Mutual funds are considered to be safe investments in the sense that the fund managers of each fund is responsible for the operation of portfolios having larger exposures in the management of larger funds. However, the other factors are there influencing each mutual fund ie market behaviour, credibility of the company, decision of the Central - government impacting the shares and mutual funds.
However, it is always better to take sound advice from the mutual - fund consultant connected with the bussiness for a minimum of ten years.
You may follow the following tips so as to have better appreciation of your fund-
1) If you are the fresh investor in this area, choose SIP funds of different portfolios such as Debt - fund, Equity, Balanced - fund etc.

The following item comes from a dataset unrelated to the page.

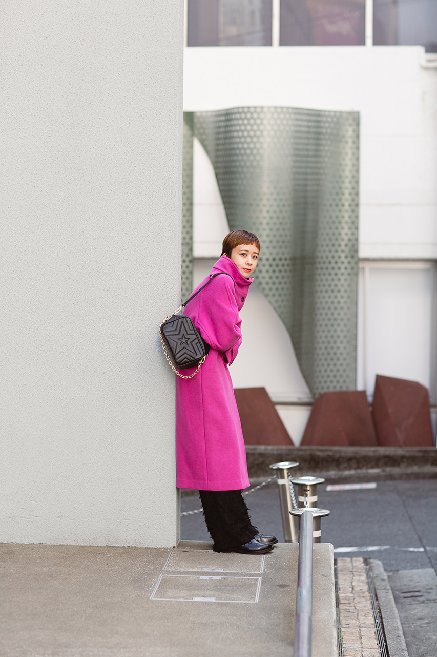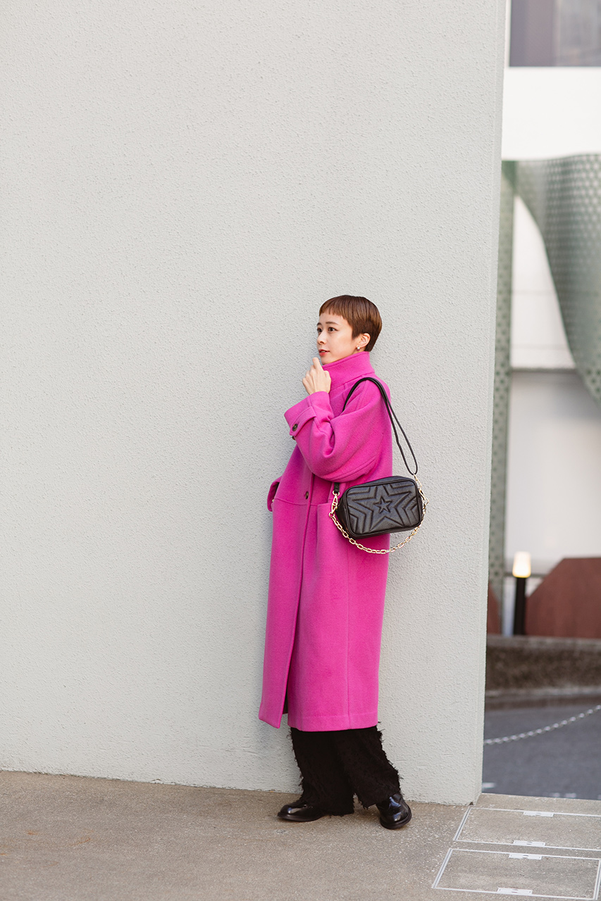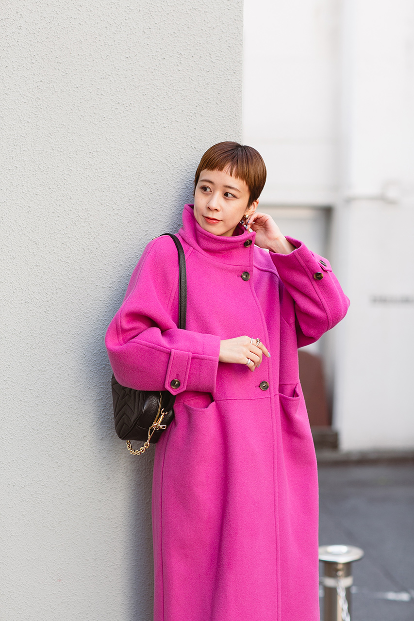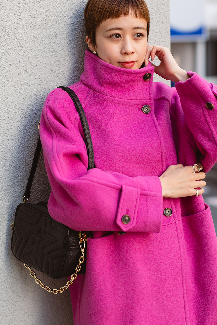 ラブリーなカラーだけどスタンドカラーでかっこよく着こなせます!

2) In each fund, you may start with a minimum of Rs 500/- and raise it further as per capacity.
However, a minimum of Rs 2000/- each month for say at least 60 months in Debt - fund, Index- fund, Equity - fund would lead to better appreciation of your portfolios.
3) Stay invested for a longer time. Don't be panic with the rumours circulated by any quarter.
4) You need to track your portfolios at least in a month, so that you may take remedial steps if required.
5) You may go in the mutual fund magazines especially the Economic Times so as to have better ideas of the market - condition.
6) Procure the investments such as SBI, Birla Sun Life, Tata Digital Index, HDFC Nifty, ICICI Prudential etc.
7) You have to open a Dmat account for the purpose of withdrawal of money if required.